# Rabodirect 6 Month Fixed Rate Saving Account



## Noor77 (10 Jun 2008)

I have  a couple of thousand on deposit with Rabodirect. Does anyone know if I can swap the amount over to their new 6-month fixed rate account?

Thanks


----------



## ClubMan (10 Jun 2008)

Of course. Why do you think that you can't? [broken link removed] are offering a better rate over 6 months - 5.35% versus _Rabo's _5.25%. Both gross _CAR_. Read the terms & conditions of both in case there are any significant differences. But maybe for the sale if 0.1% it's handier for you to stick with _Rabo_?


----------



## Noor77 (10 Jun 2008)

Thanks Clubman. I just thought that maybe it was only open to new Customers or something .... banks are very good at limiting their offers!!!


----------



## ClubMan (10 Jun 2008)

But _Rabo _are the _Straight Talking Bank™_ with _No Sneaky Stuff®_. But seriously...


> *RaboDirect Term Deposit Account*
> 
> *5.25%* for 6 months - guaranteed!*
> If you're looking for a guaranteed rate of interest you'll do well to open a RaboDirect Term Deposit Account. From Monday the 9th of June 2008, we'll be offering *5.25%*
> ...


----------



## Noor77 (10 Jun 2008)

Thanks Clubman! I'll get on to that )

By the way - speaking of straight talking banks.... has anyone rung the Postbank helpline? The answer machine says " Unfortunately we are one of those banks with a phone menu option ..."


----------



## supe (10 Jun 2008)

Hi.

Just a query in relation to Rabo's 6 month deposit account. I'm new to all this so forgive me if this is a silly question.

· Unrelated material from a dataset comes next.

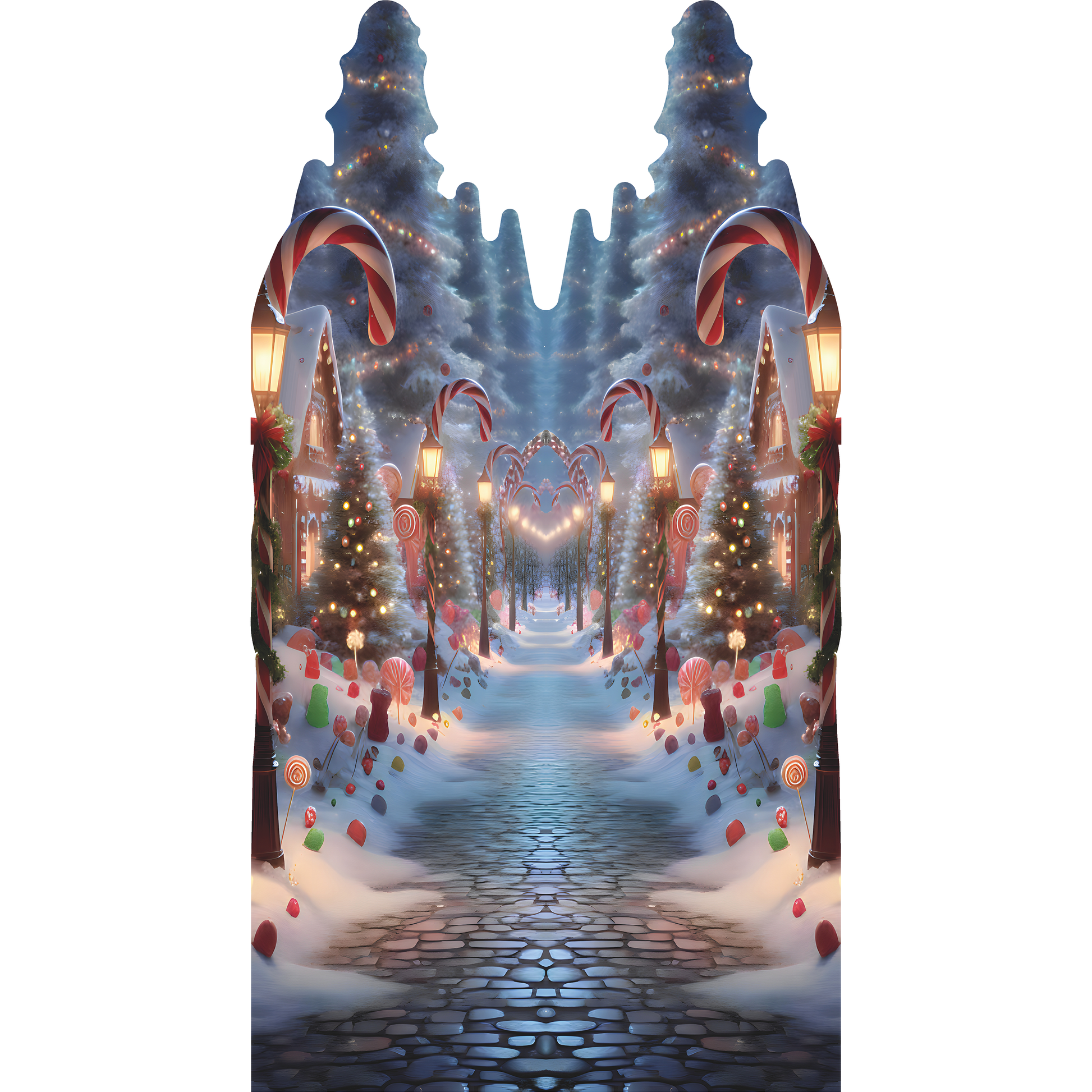 85x46 inch cardboard cutout of Candy Cane Lane! Visit the friendly neighborhood elves at their gingerbread houses and share hot cocoa and warm memories this Christmas season!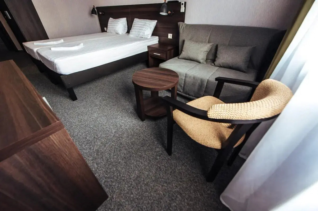 Если вы путешествуете на машине, припарковаться можно будет на парковке рядом. Также для гостей в отеле: баня. Скучно не будет, ведь в отеле к услугам отдыхающих боулинг. Для тех, кто не представляет отдых без водных удовольствий, есть бассейн и открытый бассейн.

Say for example if i lodge €10,000 into a 6 month term deposit account does this mean at the end of the 6 months i have earned €420? (€525 less 20% DIRT).

thanks.


----------



## MugsGame (10 Jun 2008)

Half that, as 5.25% is per annum.


----------



## z109 (10 Jun 2008)

supe said:


> Hi.
> 
> Just a query in relation to Rabo's 6 month deposit account. I'm new to all this so forgive me if this is a silly question.
> 
> ...


5.25 is the AER (annual equivalent rate) so you will earn half that for a six month deposit.

edit: Doh - too slow!


----------



## Welfarite (10 Jun 2008)

Any help?

*RaboDirect Term Deposit Account**Term**Interest**
> €500
1 month4.34%
2 months4.51%
3 months4.75%
4 months4.78%
5 months4.81%
6 months: €500 - €200,0005.25%
6 months: €200,000+4.85%
7 months4.94%
8 months4.99%
9 months5.05%
10 months5.10%
11 months5.16%
1 year5.20%
2 years5.55%
3 years5.53%
4 years5.46%
5 years5.38%
* Term Deposits 1 - 11 months, Fixed, CAR. Term Deposits 1 - 5 years, Fixed, Gross Rate.


----------



## supe (10 Jun 2008)

Thats what I wasn't sure about. thanks for clearing it up for me.


----------



## RaboDirect (10 Jun 2008)

Noor77 said:


> I have a couple of thousand on deposit with Rabodirect. Does anyone know if I can swap the amount over to their new 6-month fixed rate account?
> 
> Thanks


 
Absolutely no issue with doing this. As an existing customer you can set up your own term deposit in the secure banking site. 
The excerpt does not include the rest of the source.